– Николя, – слегка гнусавя, произнесла дама (несмотря на разные нестыковки, только так нам и следует именовать находящуюся в комнате женщину). – Я давно хотела с тобой поговорить. Вот случай. Я думаю, что пора уж тебе бросить все эти мальчишеские выходки, скачки, штуцера, и серьезно подумать о своем будущем. Как ты себе мыслишь? Или тебя все устраивает в этом… – дама картинно обвела окружающее полной, все еще красивой рукой. Кроме уже упомянутого «салона», в «это» несомненно попадала виднеющаяся за окном широкая улица, по колено утонувшая в черной грязи, и деревянные домики, на две трети скрывшиеся за покосившимися заборами, на остриях которых висели перевернутые горшки. Сюда же входило и низкое, разноцветное, похожее на замаслившееся одеяло небо.
– Разумеется, нет, – грассируя, отвечал молодой человек и приподнял бровь, картинно, словно пробуя на матери ужимку, предназначенную для кого-то другого. При виде гримаски сына по губам дамы скользнула едва заметная удовлетворенная улыбка. – Но я не вижу, что можно было бы сделать. Потому и пропадаю на охоте, в разгуле… Ты знаешь меня лучше всех, мне тесно здесь, но ведь отец не отпустит меня от себя, не даст денег… Он хочет, чтоб я учился жить на его манер, рыбу мороженую возить, соль, торговаться из-за экономии гроша на казенных поставках. Я… Я пытался… Мне тошно это, сам не знаю почему, – в процессе речи молодой человек утерял позу, позабыл о ней, заговорил горячо, делая выразительные жесты руками. – Бывает, поедешь на болота уток стрелять, присядешь где-нибудь на пригорке, смотришь в небо и думаешь: вот, кабы улететь отсюда… Куда? Да черт его разберет… Может и там нет ничего…

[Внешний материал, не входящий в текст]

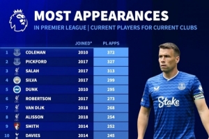 现役球员当前俱乐部英超出场榜:科尔曼、皮克福德、萨拉赫前三

– Есть, Николя, есть, верь мне! – с не меньшей горячностью перебила сына мать. – Есть другая жизнь, без этого сонного прозябания, без запаха прогорклого жира, без этих тупых рож, каждая из которых мнит себя пупом земли… О, там они знают свое место! – лицо дамы заклубилось воспоминаниями, задергалось какими-то мелкими жестокими судорогами, а рука сама собой сжалась в кулак. Наблюдая за ней, можно было рассудить, что раньше, в прежней жизни она командовала, по меньшей мере, ротой гренадеров.
– Ты, Николя, рожден для той, далекой жизни. Потому тебе и тесно здесь… Настало, впрочем, время сказать. Знаешь ли ты, что Викентий Савельевич не родной тебе отец? Понимаешь ли, что это значит?

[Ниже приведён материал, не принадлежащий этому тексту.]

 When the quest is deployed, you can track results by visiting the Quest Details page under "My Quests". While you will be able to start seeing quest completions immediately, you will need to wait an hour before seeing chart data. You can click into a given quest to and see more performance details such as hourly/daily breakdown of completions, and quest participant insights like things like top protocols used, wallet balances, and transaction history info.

– Понимаю ли я? – жесткая гримаса, мужское отражение материнской мимики, перекосила в целом привлекательное лицо Николая. – Да что ж тут знать-то? Каждому, кто не дурак, видно. Мой-то родной папаша не захотел, видать, на вас жениться, вот и пришлось… Правда, не совсем ясно, какая отцу корысть была… Я ведь, если правильно понимаю, уже в браке рожден? Фамилию рода Полушкиных ношу…
– Я, между прочим, по молодости красавицей считалась, – с остатками былой надменности произнесла дама. – Викентий до всей этой истории глянуть на меня прямо не смел. Посылал корзины с цветами, фрукты к праздникам и даже записки не писал… Не смел… К тому же он честолюбив был. Когда понял, что к чему…Знатная фамилия, связи в Москве, да и приданое немалое… Расчет тоже имелся, чего теперь скрывать…
– Это – да, это – понятно, – Николай кивнул. – Ваш грех он прикрыл, и все обещания сполна исполнил…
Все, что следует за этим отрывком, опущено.